The best part, it only fits the two of us.

“I’m so grateful to you, big, ginormous, super flash dick for charming the pants off the Julius Rising tour manager.”

“Technically, he left his pants on, but they were around his ankles, sooo…”

“Okay, enough of this,” Rover says, grabbing Luka by the back of his shirt and pulling him away. “Get dressed already.
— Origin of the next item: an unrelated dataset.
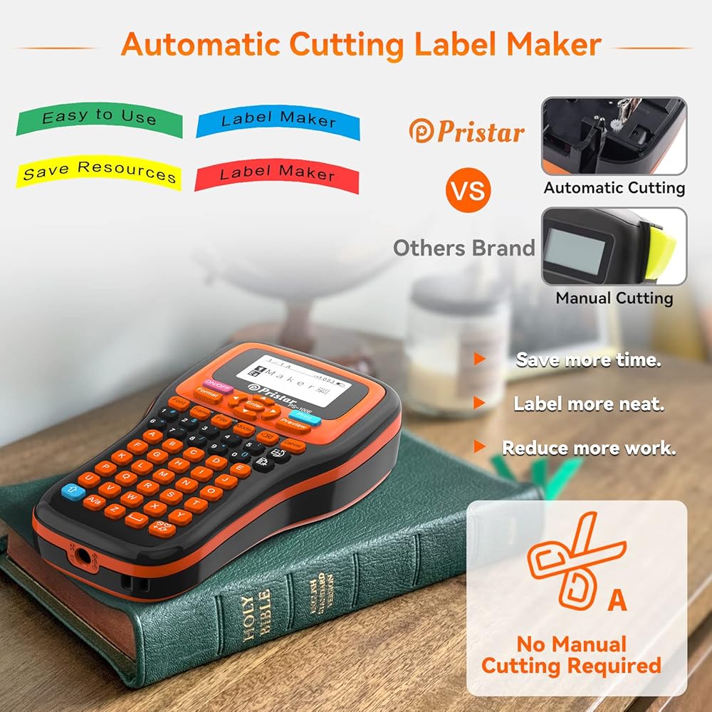 آلة صنع الملصقات Pristar PS-100E مع شريط واحد، صانع ملصقات محمول محمول مقطوع تلقائيًا، طباعة نقل حراري، طابعة ملصقات قابلة لإعادة الشحن مع لوحة مفاتيح للمكتب/المنزل/المدرسة، برتقالي

We’ve got about ten minutes until they start serving dinner.”

“I’m almost ready,” I say, grabbing my shirt and phone.

There are about ten message notifications; most are in the Love The Game group chat, a collective chat that started after a photoshoot celebrating queer athletes I was lucky enough to be a part of.

My speed on the ice got a lot of media coverage in my senior year of high school, and I was listed in the “Ones to Watch” section.

The day is mostly a blur now, but a few of the guys decided to grab dinner afterwards and created a group chat to organize it all, then we just sort of…

kept it going. It’s mostly trash talk and comedic relief, but it’s been nice to have a sports place that isn’t at all infiltrated by my older brothers.

They’re both players in the Banana Ball league, and given they’re identical twins, it scores them a huge amount of publicity.

Lucky for me, when they did this shoot, no one considered Banana Ball a sport, and even though we’ve added in queer guys from random teams and every other sport you can think of since starting the chat, I’ve managed to keep them out.

I just want to hold on to one thing that’s mine for as long as I can.

I flick open the chat, and Pedro, the striker for Liverpool, who was also the oldest at the photoshoot that kicked off this whole Love The Game group chat.

His career in soccer has been a decade long, so it was no surprise he announced his retirement shortly after the photoshoot where we all met.

He has sent through a selfie of him and his new husband on their honeymoon in the Maldives, a gorgeous aqua ocean behind them.

The comments are mostly congratulations and comments about how incredible the beach looks. I quickly tap out my reply.

ME:

Don’t do it on the sand, or it’ll be like screwing a bucket of glass shards. Unless you’re into that.

A few seconds later, Pedro replies with a pic of a broken window, the cracks spreading out from a hole in the middle like a tennis ball has gone through it.